START DATA

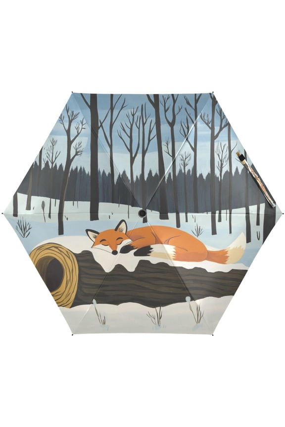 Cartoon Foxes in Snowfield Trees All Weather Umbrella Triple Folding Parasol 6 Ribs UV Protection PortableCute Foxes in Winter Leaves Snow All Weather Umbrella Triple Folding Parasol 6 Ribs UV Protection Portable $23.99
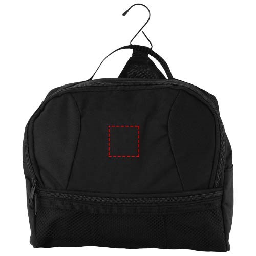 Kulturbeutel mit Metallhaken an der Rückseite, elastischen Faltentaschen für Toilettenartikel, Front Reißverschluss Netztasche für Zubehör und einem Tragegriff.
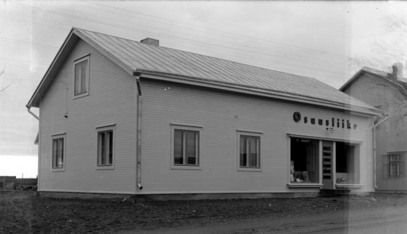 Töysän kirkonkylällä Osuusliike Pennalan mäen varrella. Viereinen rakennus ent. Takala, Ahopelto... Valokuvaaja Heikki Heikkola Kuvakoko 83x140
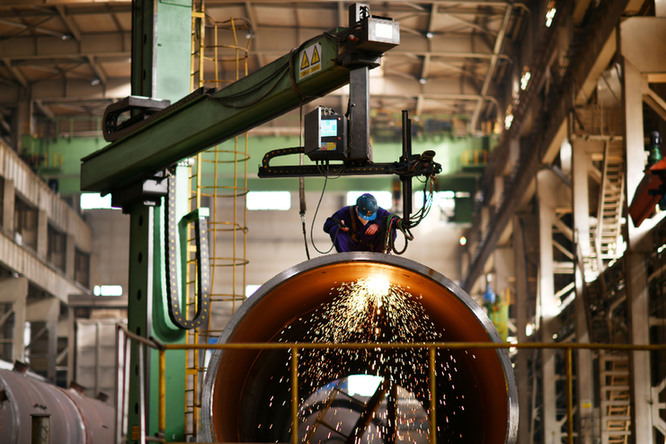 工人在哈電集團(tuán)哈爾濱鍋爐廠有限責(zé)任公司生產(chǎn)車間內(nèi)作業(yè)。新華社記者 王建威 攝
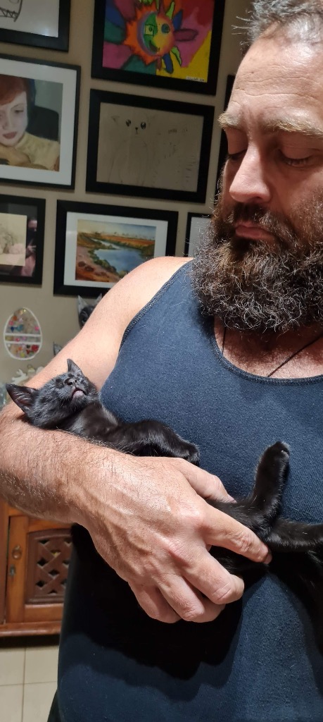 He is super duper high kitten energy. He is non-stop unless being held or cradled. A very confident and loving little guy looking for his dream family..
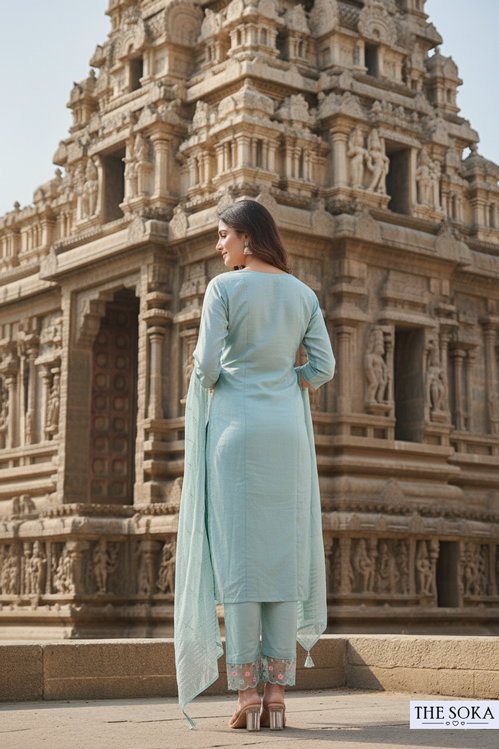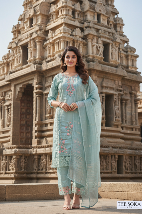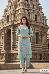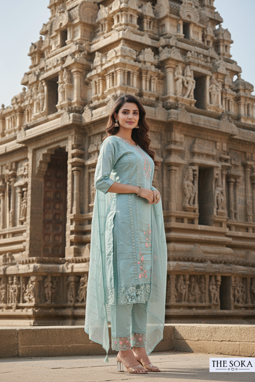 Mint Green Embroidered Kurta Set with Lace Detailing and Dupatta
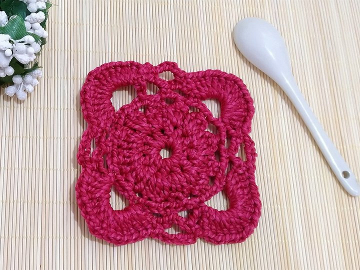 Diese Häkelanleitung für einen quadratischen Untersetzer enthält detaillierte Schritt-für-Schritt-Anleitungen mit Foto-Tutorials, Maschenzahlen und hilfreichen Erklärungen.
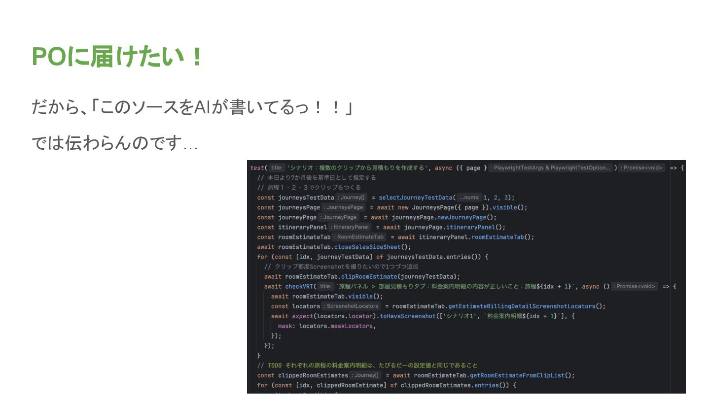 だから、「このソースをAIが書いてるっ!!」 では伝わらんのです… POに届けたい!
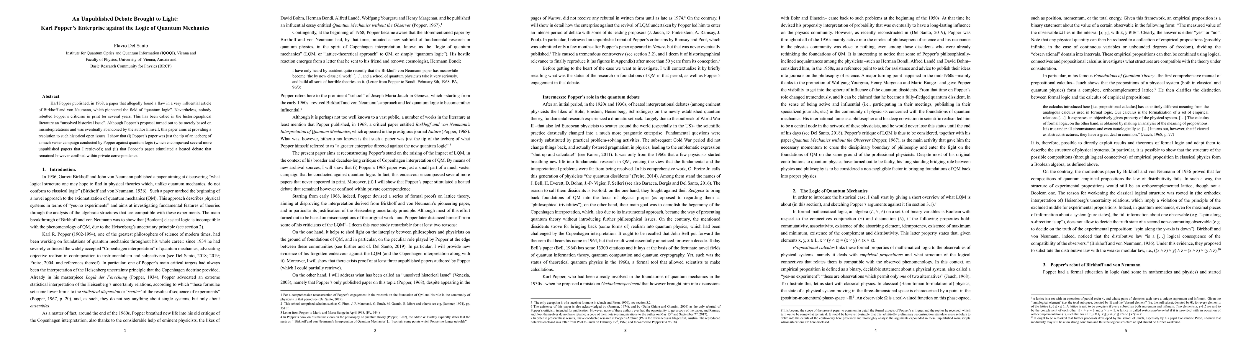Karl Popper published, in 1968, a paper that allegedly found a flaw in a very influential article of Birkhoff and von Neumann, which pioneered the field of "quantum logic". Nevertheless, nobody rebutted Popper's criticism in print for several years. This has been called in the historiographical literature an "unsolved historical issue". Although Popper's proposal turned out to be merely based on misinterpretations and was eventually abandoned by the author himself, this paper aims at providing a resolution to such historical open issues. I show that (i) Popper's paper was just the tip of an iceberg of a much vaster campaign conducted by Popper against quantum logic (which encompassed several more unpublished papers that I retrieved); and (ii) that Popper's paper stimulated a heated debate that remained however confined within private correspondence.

END DATA
START DATA

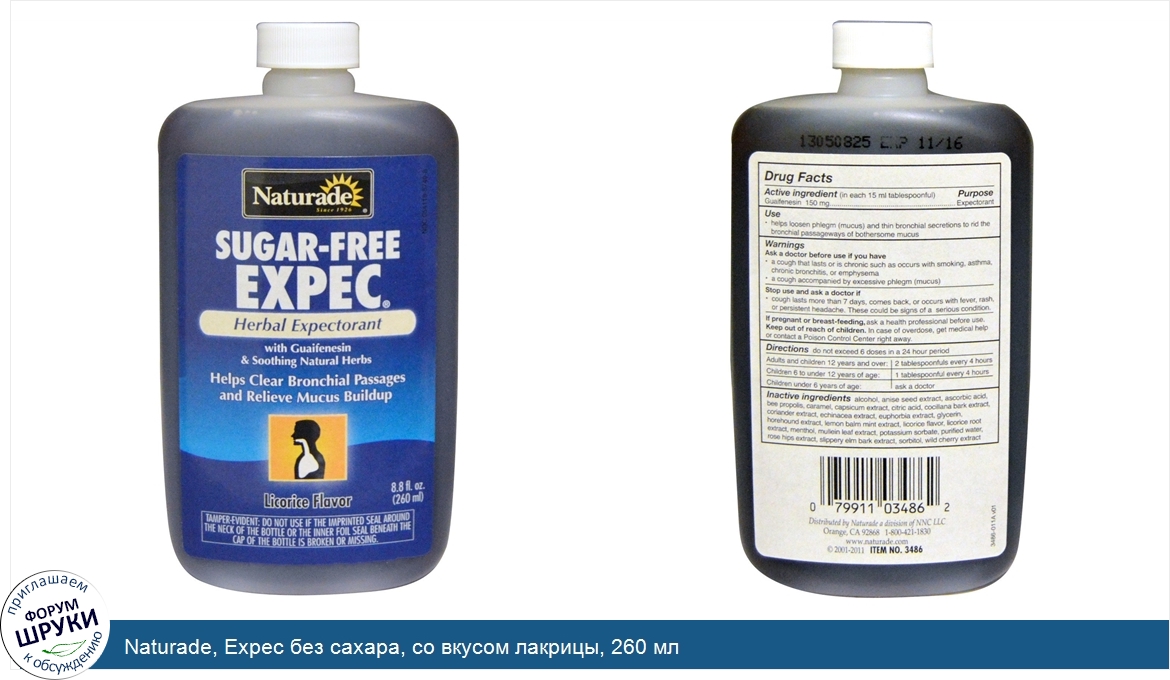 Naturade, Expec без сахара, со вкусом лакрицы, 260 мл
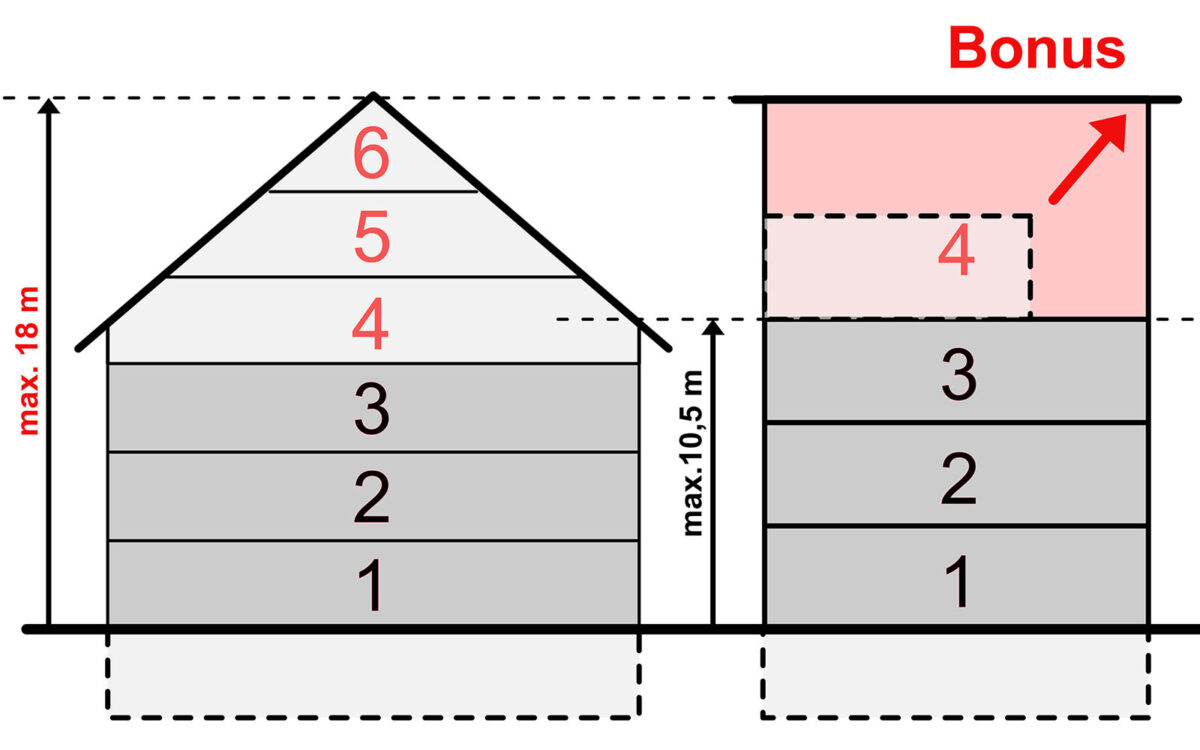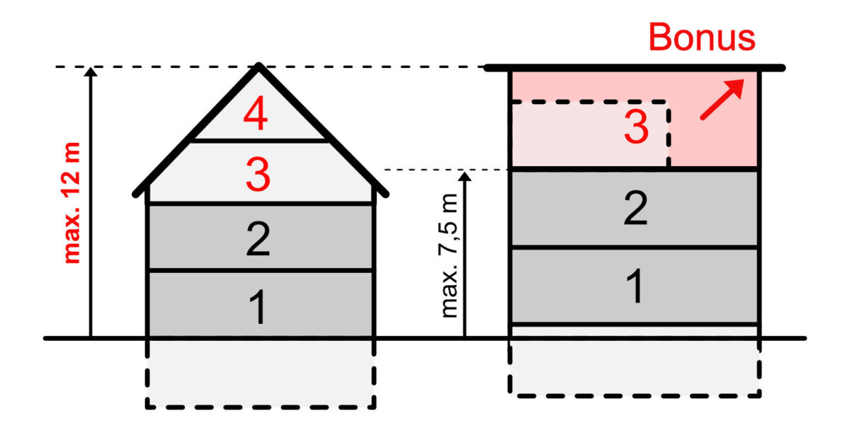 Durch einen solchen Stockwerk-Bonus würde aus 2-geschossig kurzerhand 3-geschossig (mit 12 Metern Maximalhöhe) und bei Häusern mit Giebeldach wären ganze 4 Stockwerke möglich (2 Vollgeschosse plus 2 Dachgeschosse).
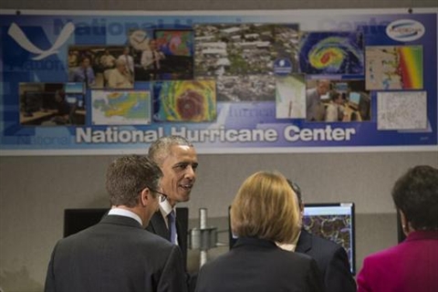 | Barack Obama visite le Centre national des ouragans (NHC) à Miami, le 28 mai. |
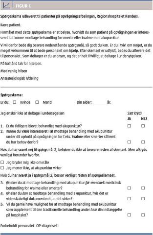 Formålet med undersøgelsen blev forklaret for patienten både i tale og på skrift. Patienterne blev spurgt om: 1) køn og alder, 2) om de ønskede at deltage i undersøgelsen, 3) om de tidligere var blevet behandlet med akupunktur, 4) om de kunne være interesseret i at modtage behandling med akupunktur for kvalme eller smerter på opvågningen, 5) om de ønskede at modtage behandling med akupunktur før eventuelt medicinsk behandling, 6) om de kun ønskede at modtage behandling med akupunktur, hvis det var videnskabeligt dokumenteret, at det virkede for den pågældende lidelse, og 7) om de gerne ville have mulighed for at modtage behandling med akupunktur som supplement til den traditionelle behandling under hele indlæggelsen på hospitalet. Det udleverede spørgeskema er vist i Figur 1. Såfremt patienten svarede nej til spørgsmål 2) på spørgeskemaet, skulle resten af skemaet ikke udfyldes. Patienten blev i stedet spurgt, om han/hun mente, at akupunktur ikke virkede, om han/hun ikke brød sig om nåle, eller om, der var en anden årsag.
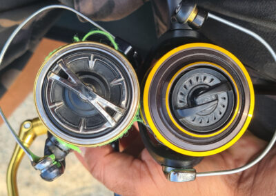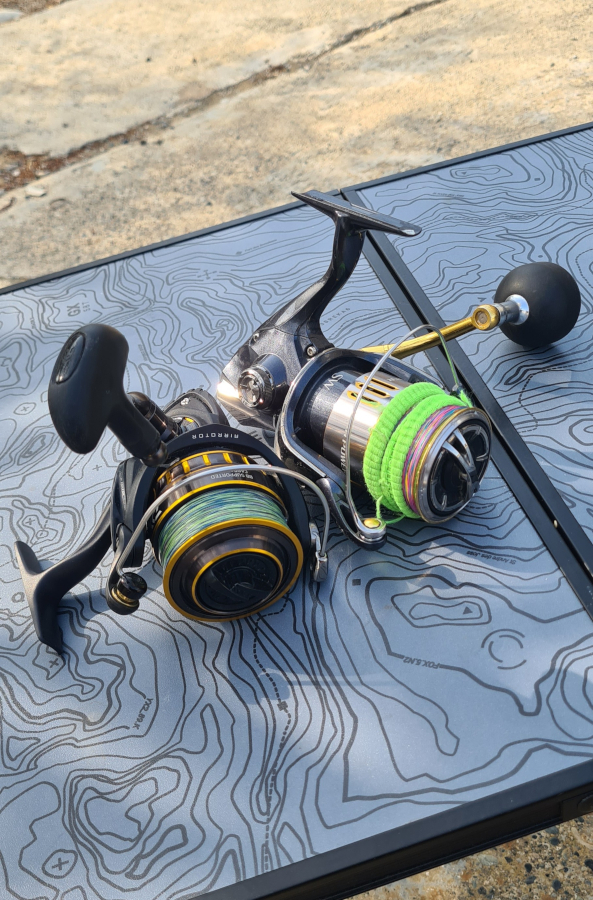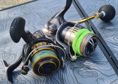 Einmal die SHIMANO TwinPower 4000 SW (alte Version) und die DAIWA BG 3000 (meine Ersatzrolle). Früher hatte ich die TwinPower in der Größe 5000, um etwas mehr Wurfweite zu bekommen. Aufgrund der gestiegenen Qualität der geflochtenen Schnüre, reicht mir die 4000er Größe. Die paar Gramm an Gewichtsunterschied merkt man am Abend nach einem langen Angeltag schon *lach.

END DATA

Leaving out each picture, repeat exactly the lines above from the one that contains "Diese Häkelanleitung für" through the one that contains "だから、「このソースをAIが書いてるっ!!」 では伝わらんのです… POに届けたい!".

YOUR RESPONSE:
 Diese Häkelanleitung für einen quadratischen Untersetzer enthält detaillierte Schritt-für-Schritt-Anleitungen mit Foto-Tutorials, Maschenzahlen und hilfreichen Erklärungen.
 だから、「このソースをAIが書いてるっ!!」 では伝わらんのです… POに届けたい!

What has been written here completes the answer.